Goodbye to a notorious character

FORMER heavyweight boxer Paul Sykes has died.

The 60-year-old former British and Commonwealth title heavyweight contender died in Pinderfields Hospital last Wednesday from pneumonia and liver cirrhosis, having been unconscious for several days.

In his day, Sykes was a top professional boxer but his life descended into a downward spiral of alcohol abuse, petty robberies, violent crime and prison.

His boxing career peaked in 1979 when he narrowly lost out to John L Gardner in a British and Commonwealth title fight at Wembley.

But his boxing status started to crumble after his last professional bout, a defeat to Ngozika Ekwelum in Nigeria in March 1980.

His reputation then turned to one hinged on his troublemaking and drinking ways and he became a notorious character in the city.

Before 1990, he had spent 21 out of 26 years in 18 UK jails.

In 2000, Wakefield Council secured a two-year anti social behaviour order banning him from the city centre after a string of aggressive drunken incidents including shouting abuse and urinating in public.

But those who knew Sykes saw a very different side to the one he ultimately became notorious for.

Television producer Roger Greenwood filmed Sykes in a documentary he produced in 1990 following his release from prison.

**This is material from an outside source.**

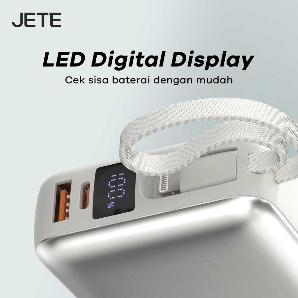 【Sertifikat CCC】JETE Powerbank B7 20000mAh 22.5W Fast Charging with LED Display Dual Cable Type C & Lightning Dual Port USB

He said: “He was a fascinating character and incredibly intelligent. He would list his favourite authors and he was very well-read.”

Former professional Keith Tate, 63, boxed with Sykes as a teenager at Robin Hood and Thorpe Amateur Boxing Club near Wakefield.

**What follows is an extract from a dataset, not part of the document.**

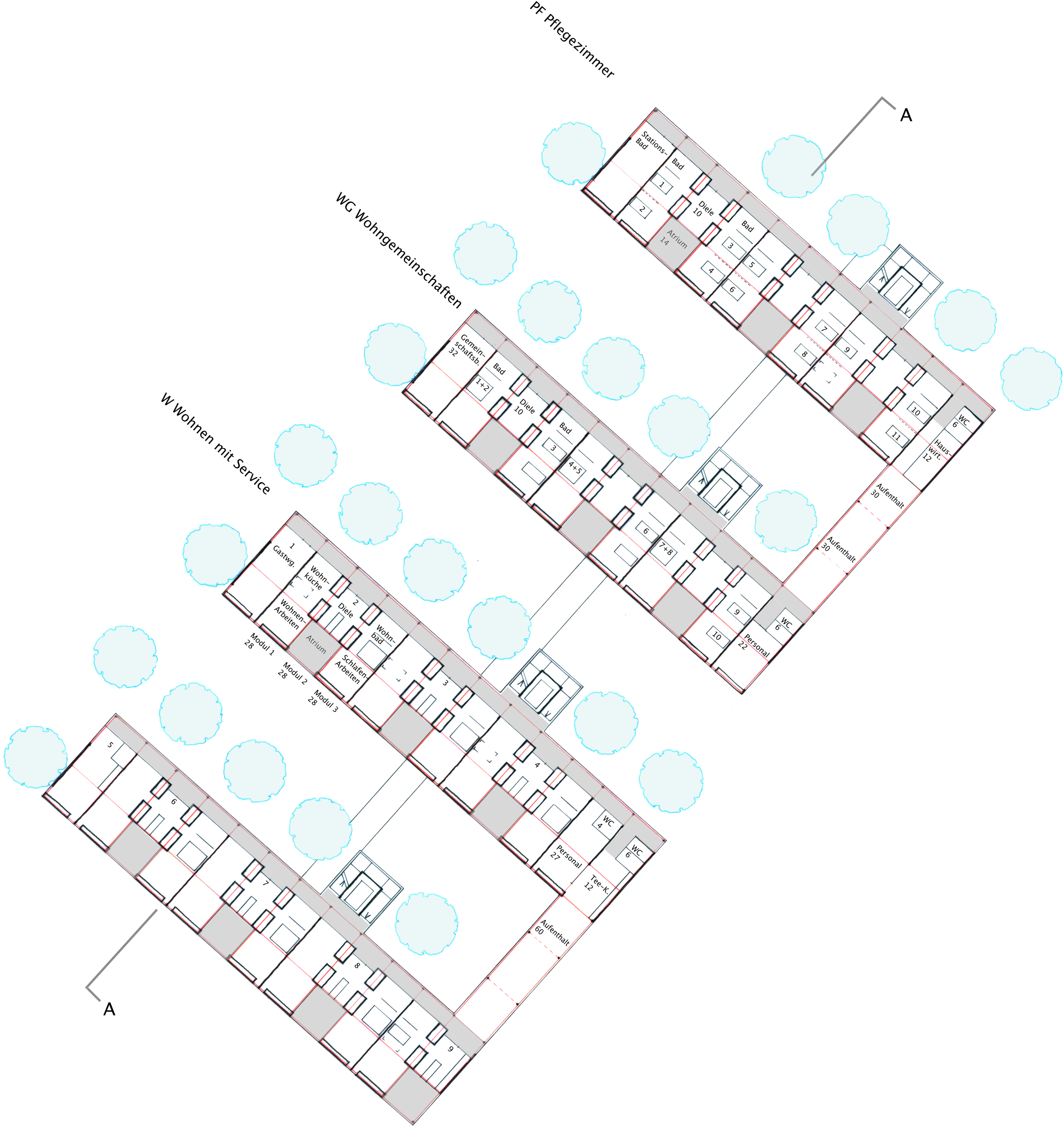 Spezialanfertigungen sind die Treppenhäuser bzw, Aufzüge.

Mr Tate, who runs Cleckheaton Boxing Academy, said: “The Paul I knew was a funny man and had a lot of talent, which was wasted in the end.”

While he was in prison he was awarded the Arthur Koestler prize for prison literature for his book Sweet Agony.

His death certificate states his occupation as ‘author (retired)’ and address as Peterson Road, Wakefield.

His funeral was held at Wakefield Baptist Church, where he regularly attended, on Wednesday.